While we do believe in the inspiration of Scripture, we do not believe in the "literal inerrancy" of Scripture.  We do believe in evolution; we do NOT believe in young earth creationism.  As my Systematic Theology professor in seminary liked to say, "The purpose of Systematic Theology is to attempt to make sense out of our faith without making nonsense out of everything else."  We believe in science.

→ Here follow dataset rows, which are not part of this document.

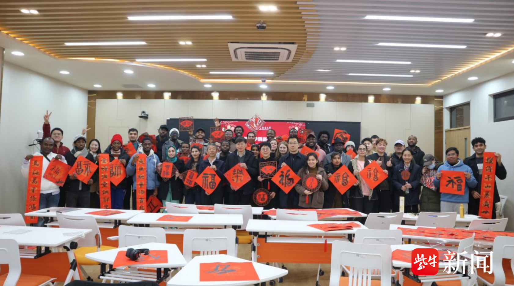 活动特邀该校轻工与食品学院原党委书记、书法家吴勇,与《南京林业大学学报(人文社会科学版)》专职主编、书法家朱凯现场教学,为留学生们讲解春节贴“福”字、写春联的传统习俗,并铺纸挥毫,书写充满祝福的新春对联。从“福”字倒贴寓意“福到”,到春联对仗中的吉祥文化,留学生们听得入神,不时发出赞叹。
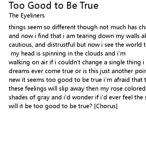 things seem so different though not much has changed at all self deconstruction and now i find that i am tearing down my walls always so cynical, careful cautious, and distrustful but now i see the world through rose colored glasses and everything is beautiful [Chorus] my head is spinning in the clouds and i'm walking on air if i couldn't change a single thing i wouldn't really care do dreams ever come true or is this just another point of view? it's beautiful and new it seems too good to be true i'm afraid that things will change and then these feelings will slip away then my rose colored world would turn to many shades of gray and i'd wonder if i'd ever feel the same again one day if i do, will it be too good to be true? [Chorus] |
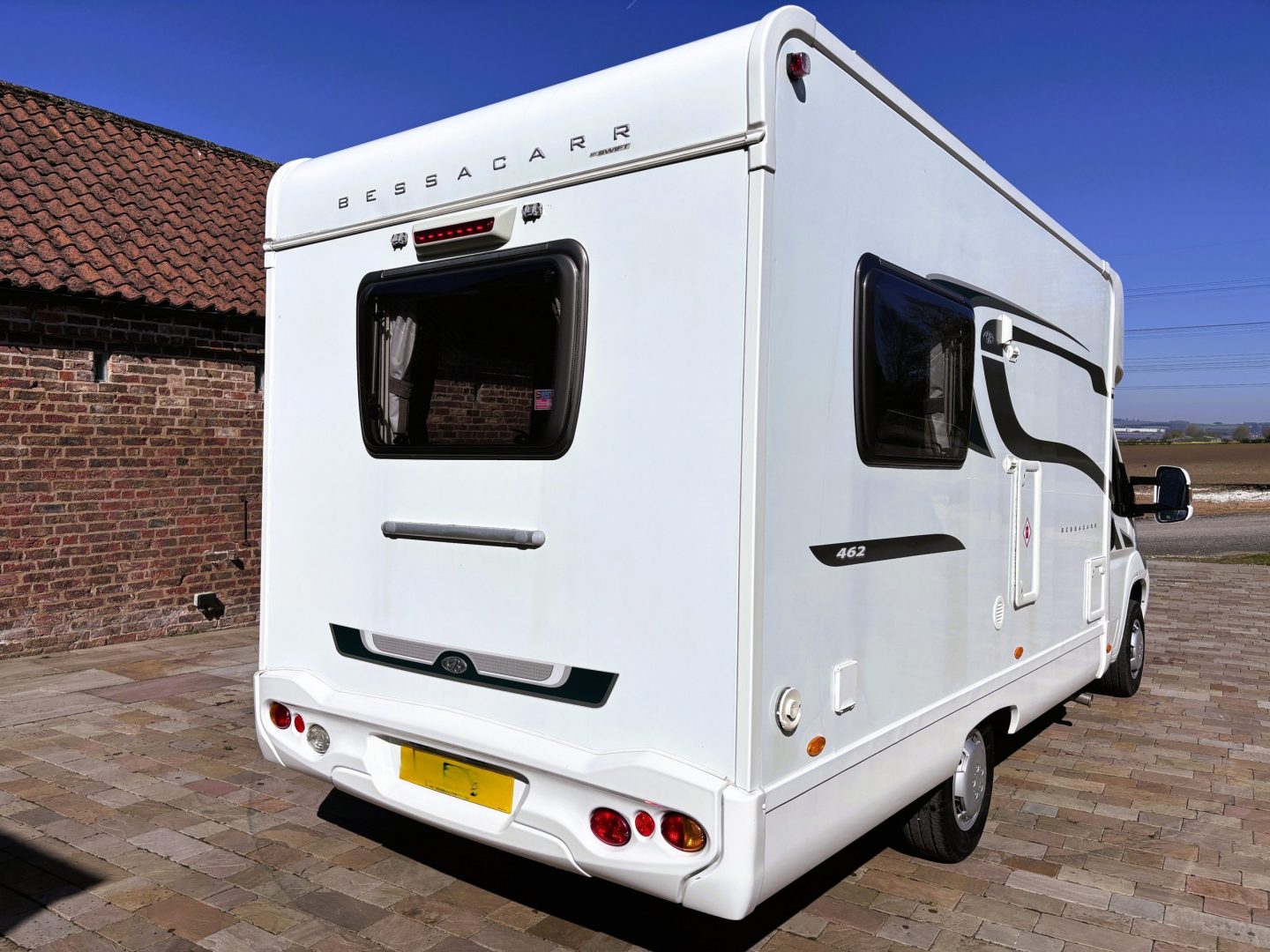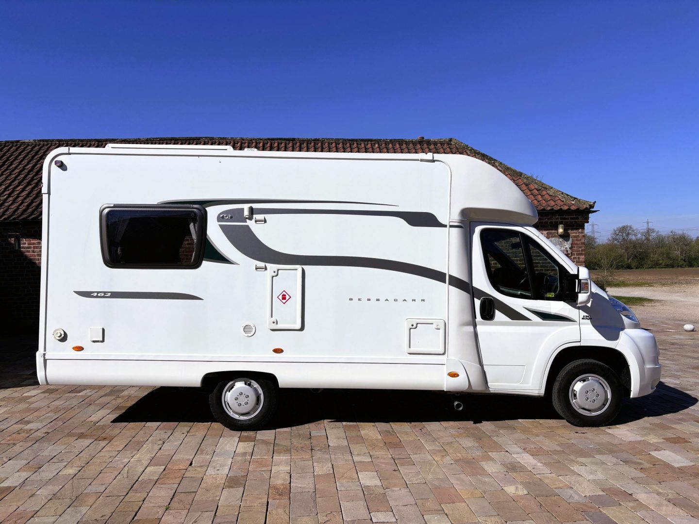 Very smart white bodywork with graphics. Fitted with wind out Fiamma awning, solar panel, electric entry step, side locker, 240v hookup point and gas locker.
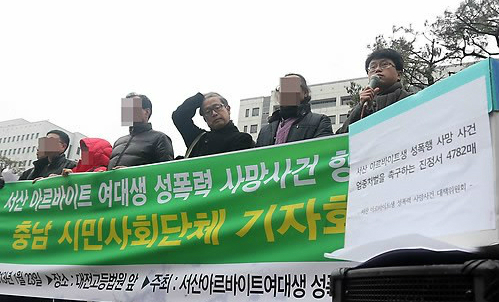 이날 공판이 열린 법원 앞에는 유족과 시민단체 관계자들이 모여 가해자를 엄중히 처벌하라고 요구하는 기자회견을 열었다. 피해자의 어머니는 딸에게 쓴 편지에서 “인간의 탈을 쓴 악마에게 9년형이 선고됐을 때 몸과 마음이 분열됐다”며 “죄를 뉘우치기는커녕 저 혼자 살기 위해 9년을 깎겠다고 항소했다”고 눈물을 쏟았다.
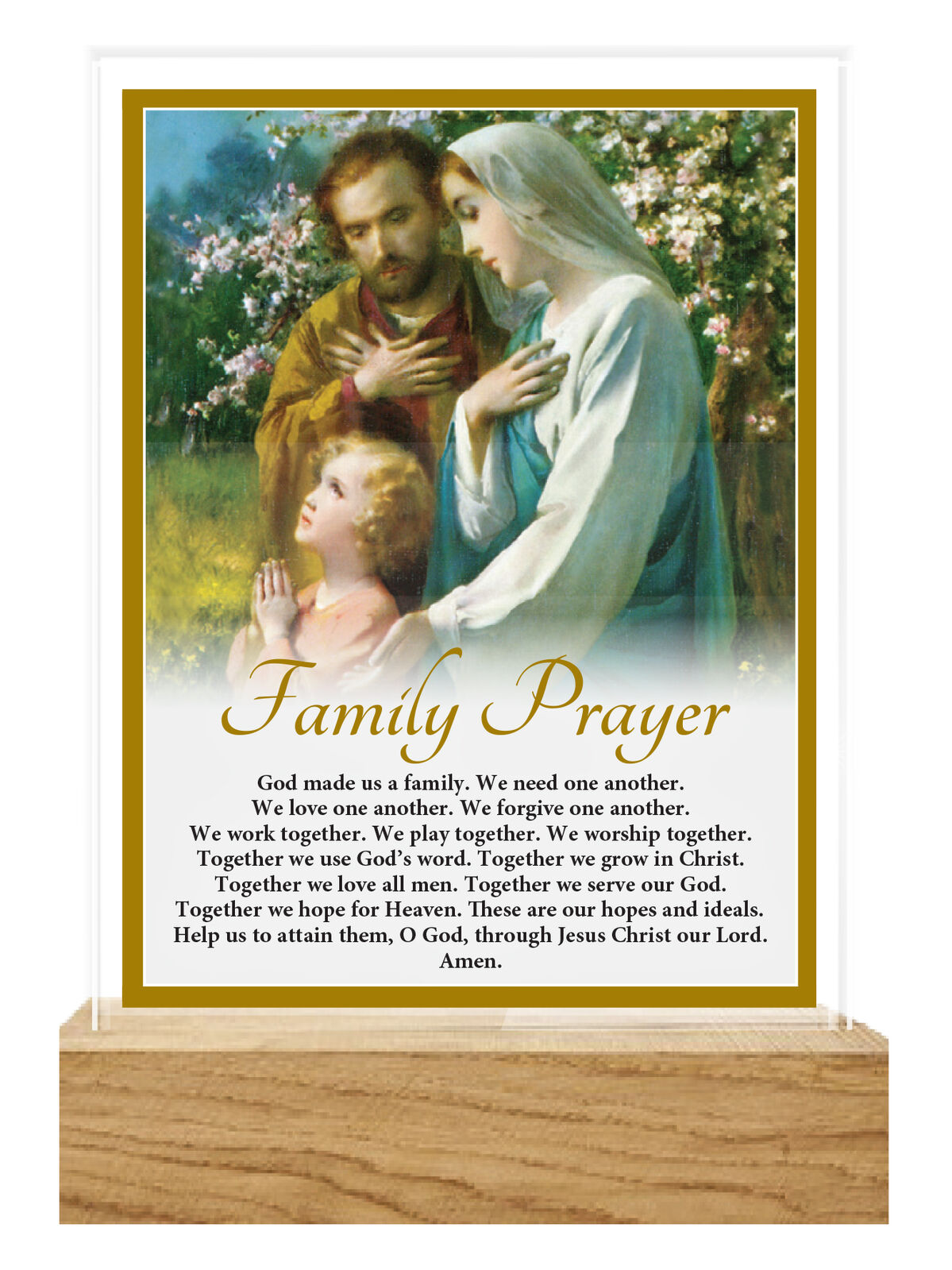 A beautiful glass plaque with religious image and prayer on a wooden base.

From my observation, I can see two very broad categories of Christians:  Christians who believe in the Bible vs. Christians who believe in the God to whom the Bible points; Christians who believe in the Bible vs. Christians who believe in the Christ to whom the Gospels witness.  It's not the same thing.  There's a great difference between a Christianity whose starting point is belief in God vs. one whose starting point is belief in the Bible.  We Episcopalians do take the Bible very seriously, seriously enough to take it on its own terms, not trying to make the Bible into something that it is not, some sort of inerrant oracle.  We work hard to try to discern what is of divine origin and what is of human origen in the Bible.  It's not always easy; we don't always have an answer.  But "faith" means trust, and implies a willingness to take the next step even when we don't have an answer.  We don't presume to have all the answers, but we commit to trying to follow Christ in the way of love even when we don't really know what we're doing.  We trust in God's love even when we fail.